Despite all this, I have been reasonably consistent with running. I find that it helps to assume that I will run every day. Then the question comes not “if” but “when” — and that’s much better for strategizing about the day.
On the plane to California I read a book called Time and the Art of Living by Robert Grudin, published in 1982. It is 365 (not a random number!) short meditations on time and how people experience it and spend it. While I’ll admit that my mind wandered in places and his ideas for creating a more rational calendar just fell flat, there were plenty of great quotes. “We diminish ourselves by wishing time to pass.” Or my personal favorite, “We pamper the present like a spoiled child.” I often talk about how we give too much weight to the experiencing self vs. the remembering self — the remembering self would love to have seen that art exhibit, but the experiencing self feels it’s a lot of bother to get dressed and by the way it’s cold out — and this pretty much sums it up.
As a side note, though he wrote this in 1978-1981, he comes across as a very modern father in terms of his time and stories with his small children. Partly, this might be the nature of writing as a profession. He writes of his schedule being entirely decided by his sitter; if she chooses not to work Wednesday, he won’t be writing on Wednesday. I can relate!

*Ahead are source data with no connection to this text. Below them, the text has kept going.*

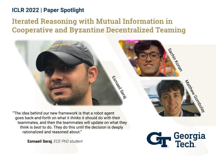 The research is published in the 2022 Proceedings of the International Conference on Learning Representations. The paper, Iterated Reasoning with Mutual Information in Cooperative and Byzantine Decentralized Teaming is co-authored by computer science major Sachin G. Konan, Seraj, and Gombolay.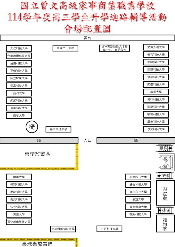1150327(五)高三學生升學進路輔導活動Post category:最新消息 / 置頂公告 / 行政單位公告 / 輔導室公告Post published:2026/03/24Post author:twvstn701參觀時間表★ 時間:115年3月27日(星期五)下午13:00~14:50★ 地點:行政大樓四樓會議室時間13:00~13:5013:50~14:50 參觀 班級餐三甲 餐三乙 電商三 銷售三 廣設三商三甲 商三乙 資處三 廣技三 幼保三備註:高一、高二班級可自由參加 Post Views: 18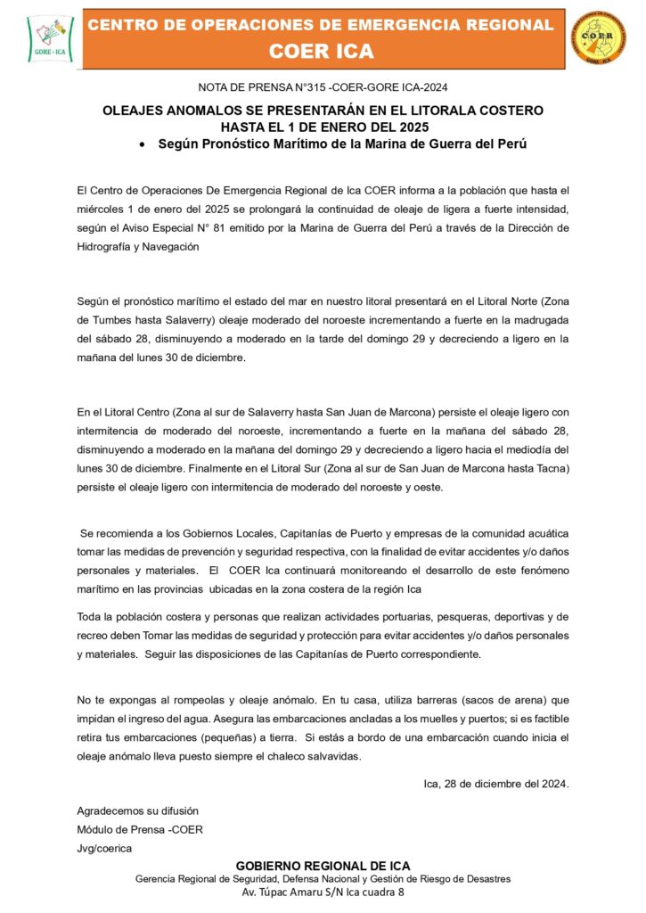 El Centro de Operaciones De Emergencia Regional de Ica – COER- informa a la población que hasta el miércoles 1 de enero del 2025 se prolongará la continuidad de oleaje de ligera a fuerte intensidad, según el Aviso Especial N° 81 emitido por la Marina de Guerra del Perú a través de la Dirección de Hidrografía y Navegación.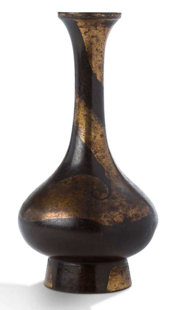 Petit vase pansu à long col légèrement évasé, en bronze de patine brune, à décor parsemé d'or de motifs de passementerie.

I’m looking forward to reading another time-related book: Why Time Flies: A Mostly Scientific Investigation, by Alan Burdick. He’s a staff writer for the New Yorker, and explores a lot of the current research into time perception. More on that when I finish it.
I am clearing two big projects from my someday/maybe list: cleaning out my bedroom closet, and cleaning out my office. I had done the closet to a degree this fall, donating huge bags of stuff, but I still had a lot of junk lingering in the corners and in some bags of stuff I’d cleared out from drawers. That is mostly done now. There was no life-changing magic involved, but hey. The office could be a different matter. It’s been cluttered for a while — just the nature of papers, and receiving at least a book a day in the mail — but I’m curious to see what I’ll find. Possibly some nice pens, and notebooks, and books I actually want to read!

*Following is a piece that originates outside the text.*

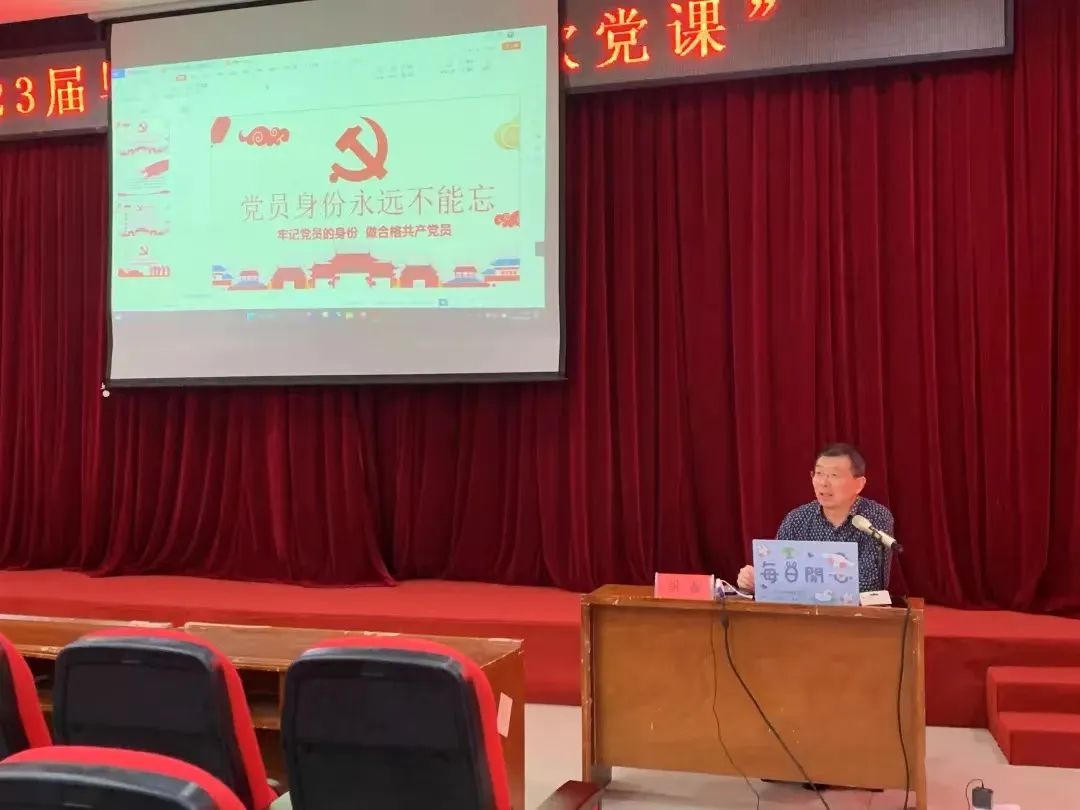 大会开始,全体起立奏唱国歌、重温入党誓词。仰望同学代表在校党员发言,黄泽新代表毕业生发言。胡磊以“党员身份永远不能忘”为主题,从强化学习、涵养品德、锤炼党性,为民服务,勇于担当等方面,对党员们提出了殷切期望。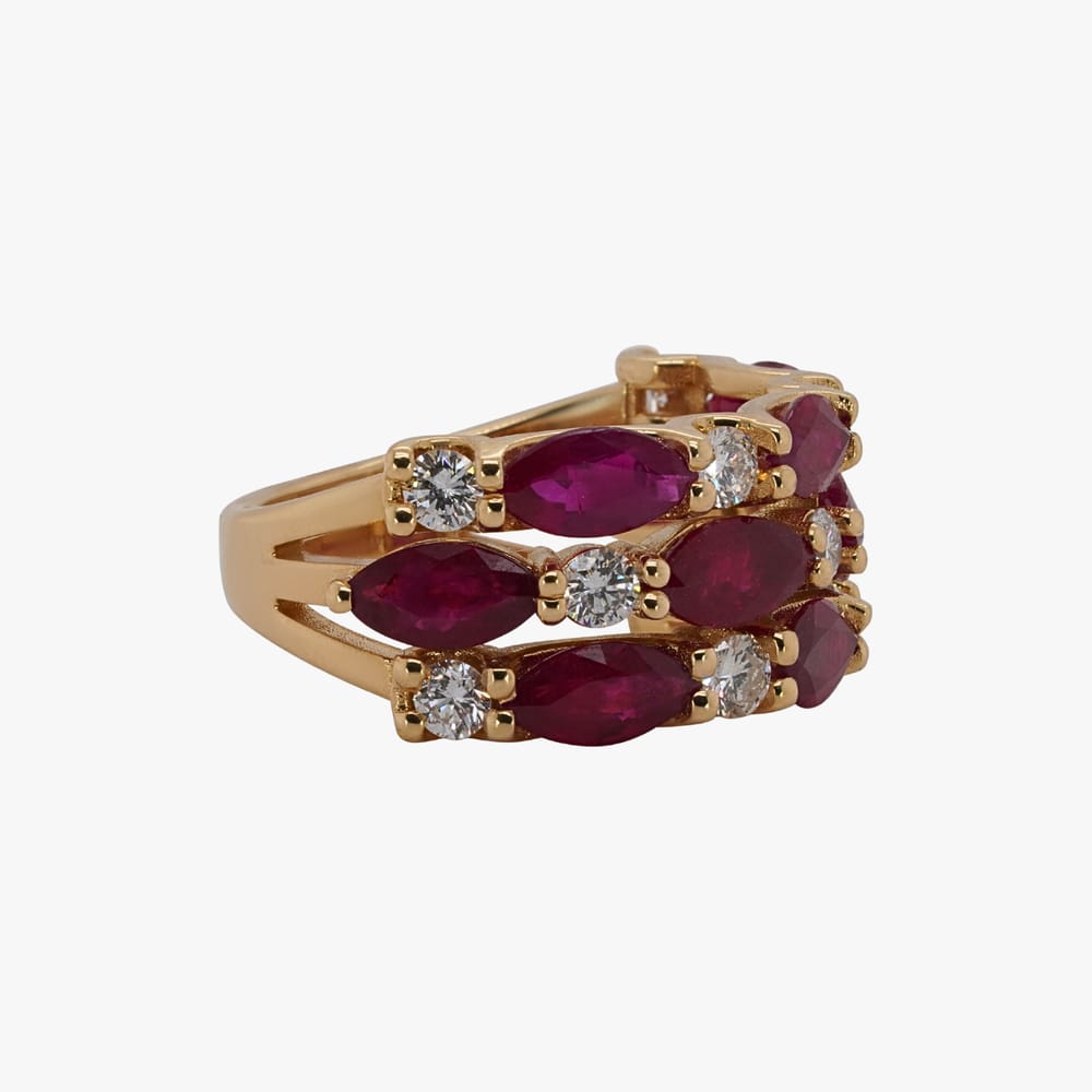 This elegant ring features a breathtaking combination of pave diamonds and vivid rubies, set in luxurious 18K yellow gold, making it a perfect accessory for any occasion.

Speaking of life-changing magic: Marie Kondo posted a quote of mine on Instagram, though she just attributed it to “The Wall Street Journal” (where the essay it was in ran). Such is her reach that I actually heard from a gentleman who had tracked down the source of the quote, and wanted to confirm it was me so he could make a poster of it for his home.

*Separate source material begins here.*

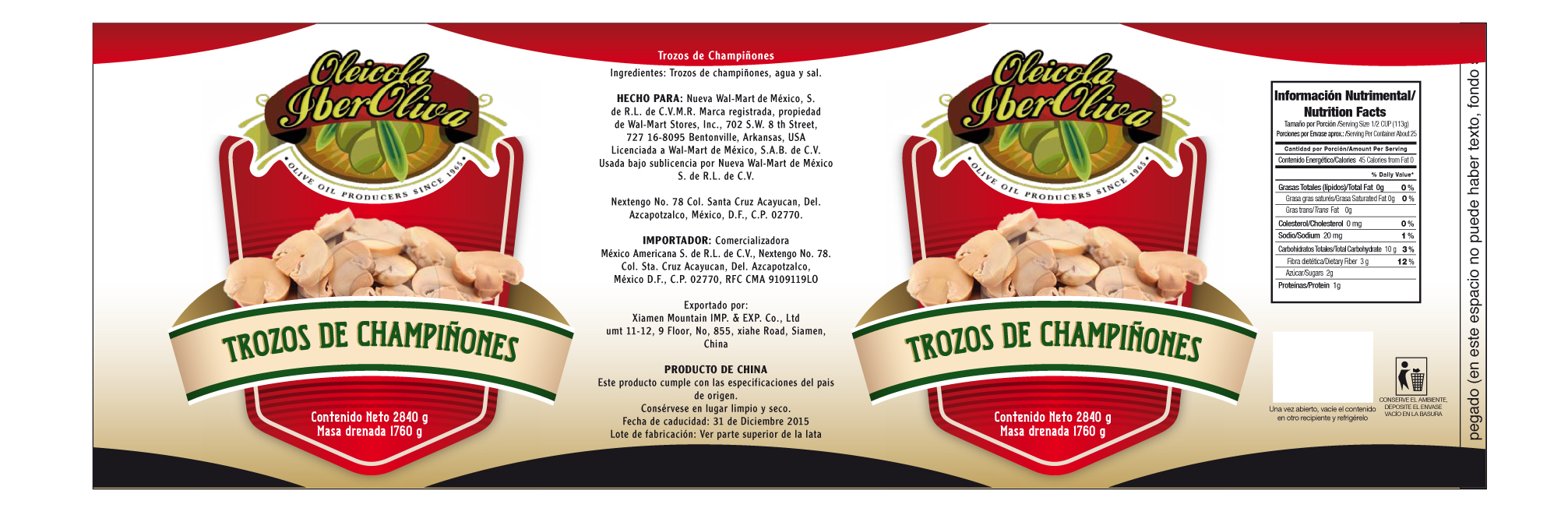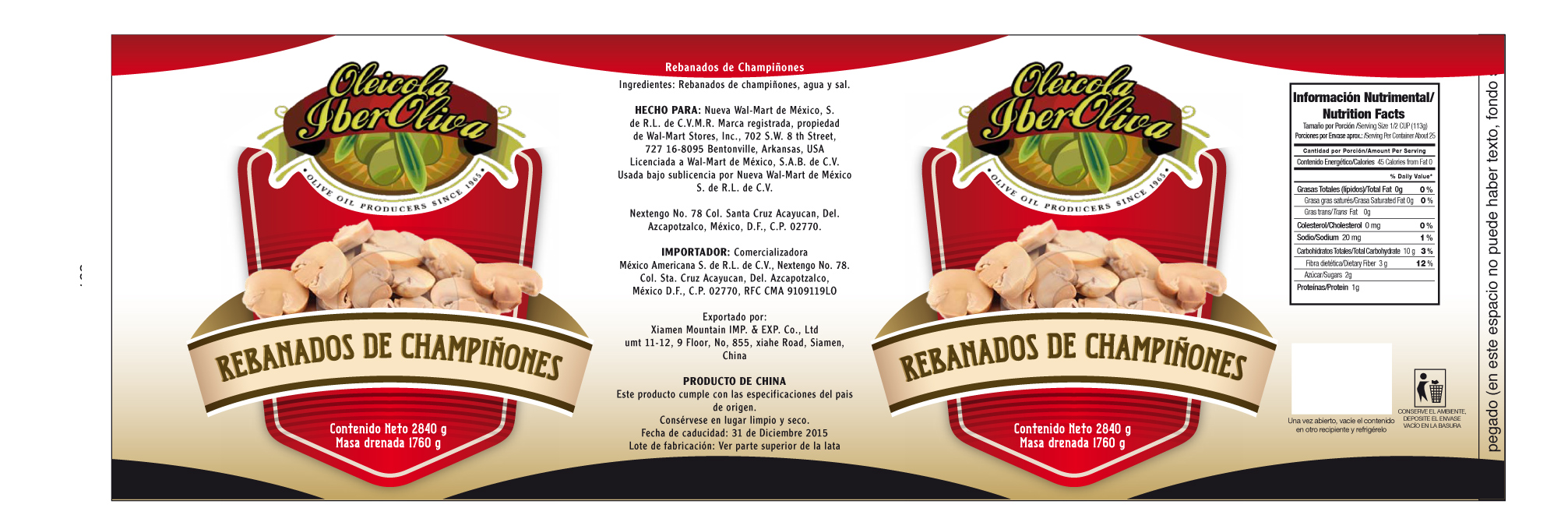 Nuestro cliente nos remitió los diseños que utilizaba bajo su marca blanca «Bakers & Chefs» para comercialización de champiñones enteros y laminados. Nos solicitó una mejora sustancial en la imagen de los mismos y la sustitución de la marca actual por una nueva marca «Iberoliva».

Another someday/maybe project: going through old journals. I think I want to type up entries that are interesting, to have more interaction with memory, and possible purge some stuff that it is not worth having. But I haven’t scheduled that one yet.
Photo: From the backseat of the car taking me to SFO on Monday. We had to take a lot of detours due to traffic and flooding but the result was a gorgeous drive through Napa and Sonoma, down through the Marin hills and over the Golden Gate bridge.
Interesting that Marie Kondo, a writer herself, would think the Wall Street Journal – an inanimate object – made a quote all on its own….
@Erin- who knows. She may have just found it second hand, or someone in her organization just pulled it. I assume nothing!
It is nice to hear a story about someone tracking down the source of a quote to say something nice! When my essay on princesses ran in USA Today, someone tracked me down on Twitter (not mentioned in the article, which was published under my name, not my online pseudonym!) and told me I was a an idiot. That seems like the more usual way of things…
But seriously, that is cool!
@Cloud- so true that people are more inclined to seek out to criticize. His note made me feel really nice!
I recently read through a few of my old journals & it was so amusing! I have very much become the person the younger version of myself wanted me to be.
@Jessica- how wonderful! I’m hoping that’s what I discover when I read through. I mean, I think I’m living the life I wanted but maybe that’s a story I’m telling myself. I’m more worried that current me will read through old entries and just be disgusted with how much mental energy I put into stuff that doesn’t matter.